In its June newsletter, the American Institute for International Steel (AIIS) report that GDP data for USA in Q1 2013 was revised down to 2.4% from 2.5% in the first estimate.
The government report indicated that GDP growth in the first quarter was due to increased inventory accumulation, increased in exports and a decrease in imports. The decrease in imports, based on historical analysis, is not a positive trend that one may think as approximately 55% of all imports are used for further processing in US factories and the rest are finished products for consumer consumption.
The ISM Purchasing Managers’ Index posted its first sub-50 value in May since June 2009, at 49% which means that the manufacturing sector contracted. AIIS say this is a seriously worrying marker, and although one month’s sub 50 result does not prove a trend the index has been weakening since February this year, month on month. Other ISM sub-indices also show weakening in the manufacturing sector, with order backlogs, production and new orders all below the breakeven mark of 50, signifying contraction.

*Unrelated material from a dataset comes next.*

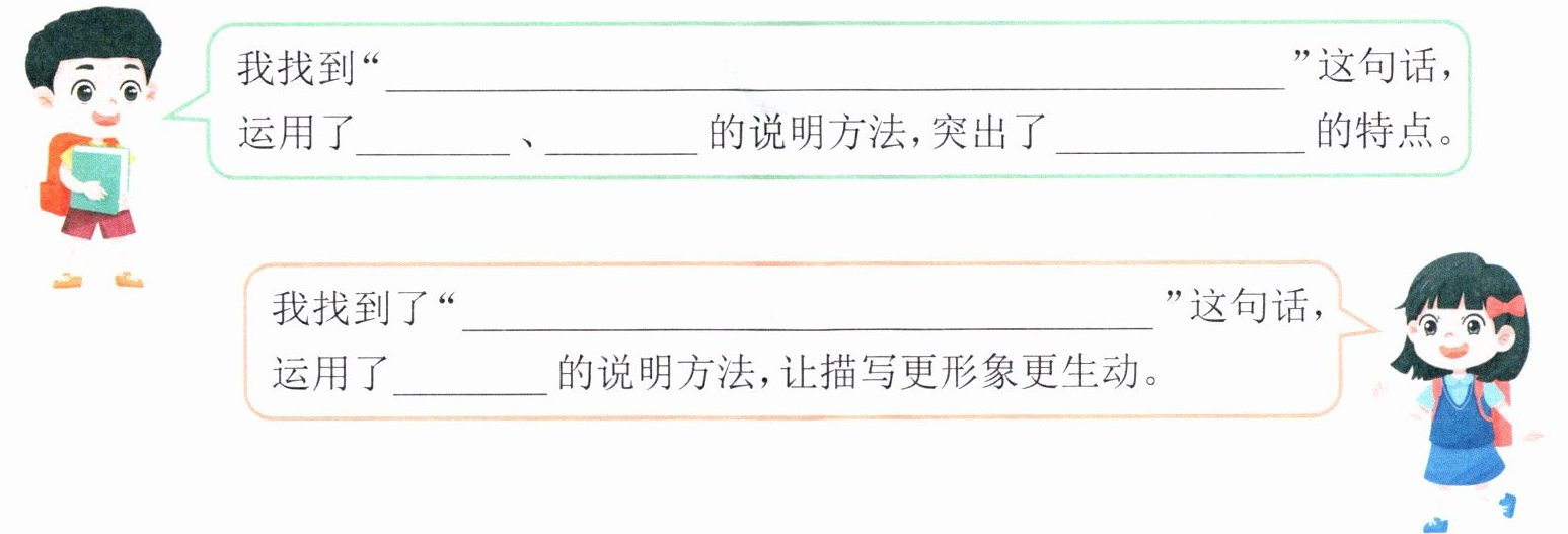 我找到了“______”这句话,运用了______的说明方法,让描写更形象更生动。

The steel intensive sectors continue on the trends seen since 2009, with autos leading the way. In May the industry-wide seasonally adjusted annualised rate was 15.3 million units compared with 14.9M in April, which was a small decline from March. The sales increase was led by pick-ups. The big three US auto companies experienced an increase in their market share in May at the expense principally of the Japanese and Korean brands, most of which are also manufactured in the USA.

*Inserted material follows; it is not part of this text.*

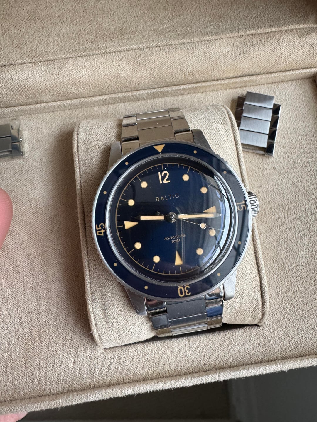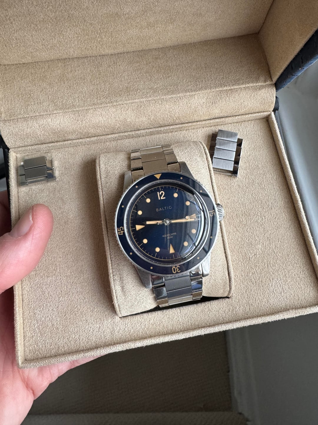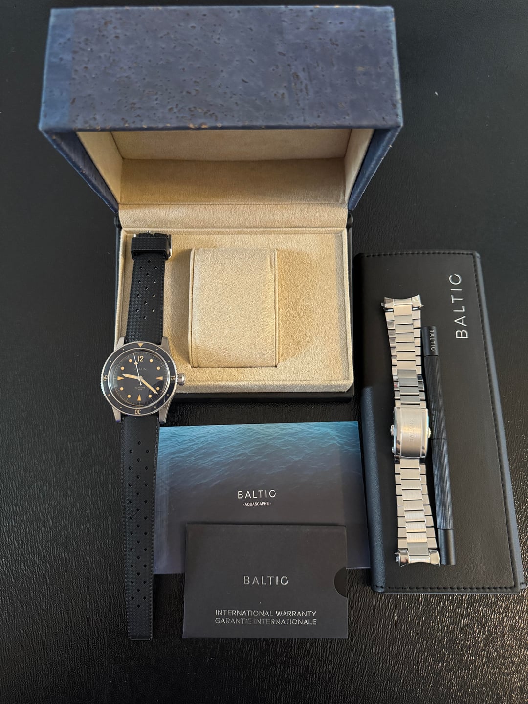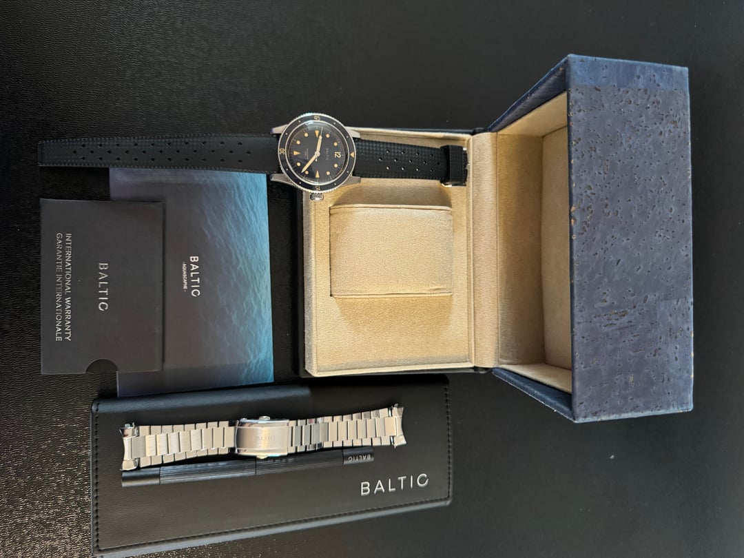 Baltic Aquascaphe Classic Blue Gilt **Price:** $625 shipped CONUS, including add-on Baltic stainless steel flat link bracelet **Condition:** Excellent **Payment:** Venmo, PayPal, Zelle Included in the sale: Full set with inner and outer boxes, papers, and Baltic warranty card Comes on OEM Black Tropic Rubber strap (quick release) Includes Baltic Flat Link bracelet (quick release) with separate box, Baltic pouch, and Baltic bracelet adjustment tool – all links included, sized currently for 6.5 inch wrist Flat link bracelet shows some very light desk diving marks on the clasp but otherwise case, dial, bezel are clean. Watch and band + bracelet must be bought as a set. Specs: · **Case material:** Stainless steel 316L · **Case diameter:** 39mm · **Lug to lug:** 47mm · **Thickness:** 13mm (11mm without glass) · **Lug width:** 20mm · **Bezel:** Unidirectional (120 clicks), sapphire crystal · **Glass:** Double dome sapphire · **Dial finish:** Sunray blue · **Super-Luminova®:** C1 · **Movement:** Automatic Miyota 9039 · **Power reserve:** 42 hours · **Crown:** Screwed · **Water resistance:** 200m (20ATM) Imgur album with timestamp: [https://imgur.com/a/WFWL4Ae](https://imgur.com/a/WFWL4Ae)

While there is good news for the auto sector and oil and gas related (which while still consuming healthy levels of steel products is burdened by high inventories, especially as regards OCTG), the most important steel sector, non-residential construction, remains mired in slow, or nearly no growth. The most recent data for that sector is for April, running a paltry 1.5% higher than the weak data for April 2012. Moreover, employment in the non-residential sector for May actually declined even while the residential sector continues to expand and add jobs. AIIS remain cautiously optimistic that, with history as a guide, the normal one-year delay between a healthy residential and a healthy non-residential construction sector will assert itself sometime late in 2013.